• PROBLEM TO SOLVE:
Copy every entry. Do not alter a single word.

• Records from a collection:
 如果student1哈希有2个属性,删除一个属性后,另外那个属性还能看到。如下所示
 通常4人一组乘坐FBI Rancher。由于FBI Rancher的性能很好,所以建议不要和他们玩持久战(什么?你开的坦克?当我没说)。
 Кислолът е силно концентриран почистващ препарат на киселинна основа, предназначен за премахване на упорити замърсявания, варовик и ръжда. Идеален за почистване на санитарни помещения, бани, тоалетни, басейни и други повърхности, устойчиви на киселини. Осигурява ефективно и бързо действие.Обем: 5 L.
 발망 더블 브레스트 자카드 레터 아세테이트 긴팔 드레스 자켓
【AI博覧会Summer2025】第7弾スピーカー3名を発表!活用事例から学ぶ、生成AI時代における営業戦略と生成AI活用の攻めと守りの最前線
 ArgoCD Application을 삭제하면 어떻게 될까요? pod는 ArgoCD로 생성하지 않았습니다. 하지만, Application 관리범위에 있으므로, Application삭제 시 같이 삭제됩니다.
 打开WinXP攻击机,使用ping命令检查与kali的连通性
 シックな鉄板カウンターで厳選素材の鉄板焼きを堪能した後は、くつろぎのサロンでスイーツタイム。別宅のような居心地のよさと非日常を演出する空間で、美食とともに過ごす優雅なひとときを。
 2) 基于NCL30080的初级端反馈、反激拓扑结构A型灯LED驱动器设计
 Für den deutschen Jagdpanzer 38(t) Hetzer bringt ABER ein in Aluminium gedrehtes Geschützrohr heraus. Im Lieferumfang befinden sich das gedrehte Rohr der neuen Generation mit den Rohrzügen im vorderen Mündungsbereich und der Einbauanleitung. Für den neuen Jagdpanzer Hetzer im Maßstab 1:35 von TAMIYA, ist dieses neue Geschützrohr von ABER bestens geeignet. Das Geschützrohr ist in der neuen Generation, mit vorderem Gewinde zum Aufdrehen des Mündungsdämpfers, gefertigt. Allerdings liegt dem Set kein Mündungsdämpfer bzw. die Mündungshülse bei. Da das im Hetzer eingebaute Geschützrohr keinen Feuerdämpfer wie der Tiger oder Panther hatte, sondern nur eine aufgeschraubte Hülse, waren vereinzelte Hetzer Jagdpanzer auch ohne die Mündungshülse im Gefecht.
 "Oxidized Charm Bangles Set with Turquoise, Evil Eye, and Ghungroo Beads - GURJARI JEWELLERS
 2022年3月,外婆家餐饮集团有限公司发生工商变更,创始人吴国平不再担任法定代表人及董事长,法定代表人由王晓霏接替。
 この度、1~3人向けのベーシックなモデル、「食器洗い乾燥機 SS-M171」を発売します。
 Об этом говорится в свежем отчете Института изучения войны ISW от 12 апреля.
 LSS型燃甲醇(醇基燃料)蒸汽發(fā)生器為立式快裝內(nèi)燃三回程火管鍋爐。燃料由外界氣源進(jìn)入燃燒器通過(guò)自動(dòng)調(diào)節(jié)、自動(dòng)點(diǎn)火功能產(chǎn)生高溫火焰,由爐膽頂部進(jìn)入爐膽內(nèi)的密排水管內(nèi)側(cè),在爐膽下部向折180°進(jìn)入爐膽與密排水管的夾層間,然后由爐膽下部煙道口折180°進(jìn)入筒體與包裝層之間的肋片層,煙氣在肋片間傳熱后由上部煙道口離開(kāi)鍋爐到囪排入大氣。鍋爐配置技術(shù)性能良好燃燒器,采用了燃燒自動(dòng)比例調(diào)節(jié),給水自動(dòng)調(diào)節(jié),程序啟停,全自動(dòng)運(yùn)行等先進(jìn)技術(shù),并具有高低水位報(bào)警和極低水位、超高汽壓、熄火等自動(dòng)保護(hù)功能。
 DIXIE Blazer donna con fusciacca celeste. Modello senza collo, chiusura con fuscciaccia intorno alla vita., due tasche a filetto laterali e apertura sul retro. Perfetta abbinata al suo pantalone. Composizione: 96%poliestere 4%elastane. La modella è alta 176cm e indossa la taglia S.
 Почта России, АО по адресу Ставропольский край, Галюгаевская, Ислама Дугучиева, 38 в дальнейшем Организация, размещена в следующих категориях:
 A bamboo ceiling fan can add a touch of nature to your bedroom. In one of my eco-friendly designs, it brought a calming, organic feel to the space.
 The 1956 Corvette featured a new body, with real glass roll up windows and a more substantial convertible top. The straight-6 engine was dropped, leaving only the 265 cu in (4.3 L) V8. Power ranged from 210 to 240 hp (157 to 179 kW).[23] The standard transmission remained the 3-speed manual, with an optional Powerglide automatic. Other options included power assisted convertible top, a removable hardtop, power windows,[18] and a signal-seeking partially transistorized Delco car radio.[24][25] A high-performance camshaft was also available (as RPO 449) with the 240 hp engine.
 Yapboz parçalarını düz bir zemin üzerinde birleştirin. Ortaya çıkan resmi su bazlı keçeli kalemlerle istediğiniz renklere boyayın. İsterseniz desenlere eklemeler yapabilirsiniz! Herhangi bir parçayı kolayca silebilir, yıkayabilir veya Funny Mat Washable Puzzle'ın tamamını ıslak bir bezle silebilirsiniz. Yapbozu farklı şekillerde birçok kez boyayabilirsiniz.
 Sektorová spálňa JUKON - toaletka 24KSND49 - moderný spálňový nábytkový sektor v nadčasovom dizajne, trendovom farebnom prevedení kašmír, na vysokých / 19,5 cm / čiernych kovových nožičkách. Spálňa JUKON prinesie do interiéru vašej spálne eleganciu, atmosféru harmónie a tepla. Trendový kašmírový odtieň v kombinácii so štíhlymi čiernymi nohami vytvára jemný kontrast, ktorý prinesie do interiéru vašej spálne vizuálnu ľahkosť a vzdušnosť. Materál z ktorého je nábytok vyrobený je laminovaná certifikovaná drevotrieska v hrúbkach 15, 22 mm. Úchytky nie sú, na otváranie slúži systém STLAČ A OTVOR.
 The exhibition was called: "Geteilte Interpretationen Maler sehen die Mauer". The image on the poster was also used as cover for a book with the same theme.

• EXERCISE OUTPUT:
 如果student1哈希有2个属性,删除一个属性后,另外那个属性还能看到。如下所示
 通常4人一组乘坐FBI Rancher。由于FBI Rancher的性能很好,所以建议不要和他们玩持久战(什么?你开的坦克?当我没说)。
 Кислолът е силно концентриран почистващ препарат на киселинна основа, предназначен за премахване на упорити замърсявания, варовик и ръжда. Идеален за почистване на санитарни помещения, бани, тоалетни, басейни и други повърхности, устойчиви на киселини. Осигурява ефективно и бързо действие.Обем: 5 L.
 발망 더블 브레스트 자카드 레터 아세테이트 긴팔 드레스 자켓
【AI博覧会Summer2025】第7弾スピーカー3名を発表!活用事例から学ぶ、生成AI時代における営業戦略と生成AI活用の攻めと守りの最前線
 ArgoCD Application을 삭제하면 어떻게 될까요? pod는 ArgoCD로 생성하지 않았습니다. 하지만, Application 관리범위에 있으므로, Application삭제 시 같이 삭제됩니다.
 打开WinXP攻击机,使用ping命令检查与kali的连通性
 シックな鉄板カウンターで厳選素材の鉄板焼きを堪能した後は、くつろぎのサロンでスイーツタイム。別宅のような居心地のよさと非日常を演出する空間で、美食とともに過ごす優雅なひとときを。
 2) 基于NCL30080的初级端反馈、反激拓扑结构A型灯LED驱动器设计
 Für den deutschen Jagdpanzer 38(t) Hetzer bringt ABER ein in Aluminium gedrehtes Geschützrohr heraus. Im Lieferumfang befinden sich das gedrehte Rohr der neuen Generation mit den Rohrzügen im vorderen Mündungsbereich und der Einbauanleitung. Für den neuen Jagdpanzer Hetzer im Maßstab 1:35 von TAMIYA, ist dieses neue Geschützrohr von ABER bestens geeignet. Das Geschützrohr ist in der neuen Generation, mit vorderem Gewinde zum Aufdrehen des Mündungsdämpfers, gefertigt. Allerdings liegt dem Set kein Mündungsdämpfer bzw. die Mündungshülse bei. Da das im Hetzer eingebaute Geschützrohr keinen Feuerdämpfer wie der Tiger oder Panther hatte, sondern nur eine aufgeschraubte Hülse, waren vereinzelte Hetzer Jagdpanzer auch ohne die Mündungshülse im Gefecht.
 "Oxidized Charm Bangles Set with Turquoise, Evil Eye, and Ghungroo Beads - GURJARI JEWELLERS
 2022年3月,外婆家餐饮集团有限公司发生工商变更,创始人吴国平不再担任法定代表人及董事长,法定代表人由王晓霏接替。
 この度、1~3人向けのベーシックなモデル、「食器洗い乾燥機 SS-M171」を発売します。
 Об этом говорится в свежем отчете Института изучения войны ISW от 12 апреля.
 LSS型燃甲醇(醇基燃料)蒸汽發(fā)生器為立式快裝內(nèi)燃三回程火管鍋爐。燃料由外界氣源進(jìn)入燃燒器通過(guò)自動(dòng)調(diào)節(jié)、自動(dòng)點(diǎn)火功能產(chǎn)生高溫火焰,由爐膽頂部進(jìn)入爐膽內(nèi)的密排水管內(nèi)側(cè),在爐膽下部向折180°進(jìn)入爐膽與密排水管的夾層間,然后由爐膽下部煙道口折180°進(jìn)入筒體與包裝層之間的肋片層,煙氣在肋片間傳熱后由上部煙道口離開(kāi)鍋爐到囪排入大氣。鍋爐配置技術(shù)性能良好燃燒器,采用了燃燒自動(dòng)比例調(diào)節(jié),給水自動(dòng)調(diào)節(jié),程序啟停,全自動(dòng)運(yùn)行等先進(jìn)技術(shù),并具有高低水位報(bào)警和極低水位、超高汽壓、熄火等自動(dòng)保護(hù)功能。
 DIXIE Blazer donna con fusciacca celeste. Modello senza collo, chiusura con fuscciaccia intorno alla vita., due tasche a filetto laterali e apertura sul retro. Perfetta abbinata al suo pantalone. Composizione: 96%poliestere 4%elastane. La modella è alta 176cm e indossa la taglia S.
 Почта России, АО по адресу Ставропольский край, Галюгаевская, Ислама Дугучиева, 38 в дальнейшем Организация, размещена в следующих категориях:
 A bamboo ceiling fan can add a touch of nature to your bedroom. In one of my eco-friendly designs, it brought a calming, organic feel to the space.
 The 1956 Corvette featured a new body, with real glass roll up windows and a more substantial convertible top. The straight-6 engine was dropped, leaving only the 265 cu in (4.3 L) V8. Power ranged from 210 to 240 hp (157 to 179 kW).[23] The standard transmission remained the 3-speed manual, with an optional Powerglide automatic. Other options included power assisted convertible top, a removable hardtop, power windows,[18] and a signal-seeking partially transistorized Delco car radio.[24][25] A high-performance camshaft was also available (as RPO 449) with the 240 hp engine.
 Yapboz parçalarını düz bir zemin üzerinde birleştirin. Ortaya çıkan resmi su bazlı keçeli kalemlerle istediğiniz renklere boyayın. İsterseniz desenlere eklemeler yapabilirsiniz! Herhangi bir parçayı kolayca silebilir, yıkayabilir veya Funny Mat Washable Puzzle'ın tamamını ıslak bir bezle silebilirsiniz. Yapbozu farklı şekillerde birçok kez boyayabilirsiniz.
 Sektorová spálňa JUKON - toaletka 24KSND49 - moderný spálňový nábytkový sektor v nadčasovom dizajne, trendovom farebnom prevedení kašmír, na vysokých / 19,5 cm / čiernych kovových nožičkách. Spálňa JUKON prinesie do interiéru vašej spálne eleganciu, atmosféru harmónie a tepla. Trendový kašmírový odtieň v kombinácii so štíhlymi čiernymi nohami vytvára jemný kontrast, ktorý prinesie do interiéru vašej spálne vizuálnu ľahkosť a vzdušnosť. Materál z ktorého je nábytok vyrobený je laminovaná certifikovaná drevotrieska v hrúbkach 15, 22 mm. Úchytky nie sú, na otváranie slúži systém STLAČ A OTVOR.
 The exhibition was called: "Geteilte Interpretationen Maler sehen die Mauer". The image on the poster was also used as cover for a book with the same theme.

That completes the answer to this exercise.